Show of Hands

Cheltenham Town Hall

Dry ice and smoke more readily associated with a rock gig than a folk concert. Not an empty seat in the building. Steve Knightley's silhouette back lit through the smoke. The audience obediently deliver a prolonged standing ovation. 

Show of Hands are as good as they always are, which is to say, very good indeed. It is hard to say how these two Devonshire pub-singers have so successfully turned themselves into a brand. 

They seem to be officially a quartet now; at any rate they have stopped printing "Show of Hands WITH Miranda Sykes" on the tickets. They are joined by bodhran wizard Cormac Byrne. Every folk club has someone who can knock out a rhythm on bodhran, but it's really something to hear Cormac producing full-on percussion melodies. There is endless banter about Irish accents and the correct way to pronounce "scone". Phil and Steve are honorary doctors of music; Cormac is studying for a full fledged PhD and it shows. Never has an audience been happier with an extended drum solo. 

We have a Black Water Side and a First We Take Manhattan. Drekcly is introduced as Cornish Reggae. ("Drekcly" is the West Country equivalent of the Spanish "maƱana".) The title track off the new album is a Tom Paxman-esque sequence of historical anecdotes in the form of, er, a Morris Bangra mash-up: 


Churchill, Bradley, Monty and the rest 
Its D-Day in the morning and they’re drinking with the best 
Brandy, cigars and a lot of pretty girls 
"Tonight we’re gonna party and tomorrow save the world" 


The audience dutifully do vaguely bangra-ish hand movements in the chorus. 

Show of Hands are canny, crowd-pleasing performers and they wind up the show with four out of five of their Greatest Hits.
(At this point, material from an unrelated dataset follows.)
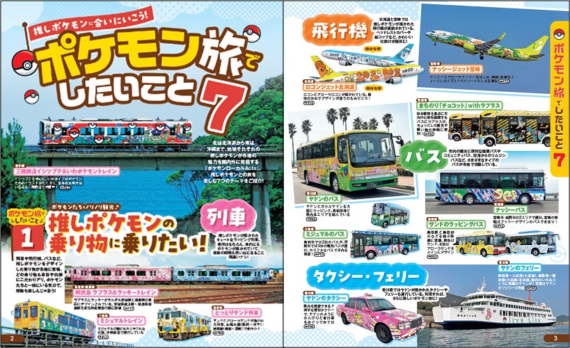 巻頭特集では、「ポケモン旅でしたいこと7」と題して、「乗り物」や「公園」、「コラボ商品」、「宿泊」などポケモン旅で絶対おさえておきたい7つのテーマをご紹介。他にも各地域の推しポケモンがひと目でわかる「早わかりMAP」や、新たに仲間入りした長崎県・沖縄県の推しポケモン情報など最新情報をまとめた「NEWS & TOPICS」も要チェックです。
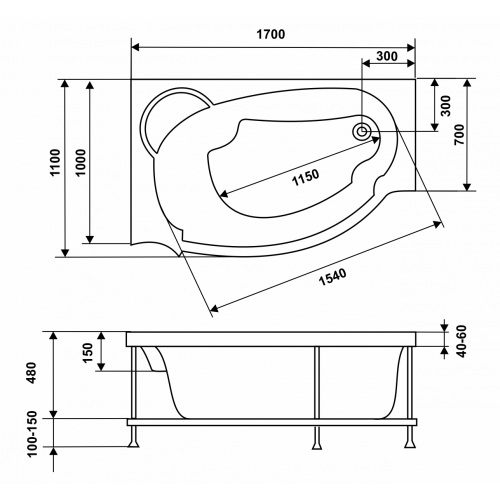 Ванна акриловая Eurolux Александрия 170х110 обладает следующими свойствами:

Everyone in the audience knows all the words. We wail along to Country Life; endlessly repeat "all the way to Santiago.."; and do the final chorus of Cousin Jack by ourselves. The main set winds up with the Galway Farmer which, considering the location, it pretty much had to. 

There is a pretty wide range of songs here; some serious ones and some very silly ones; some folk standards and some covers. And yet everything they do sounds exactly like a Show of Hands number. 

Having missed them last month in Bath I had to spend the day in Cheltenham town. Unlike the farmer in the song I didn't sleep on the hillside but booked into the Travelodge. It was worth the trip.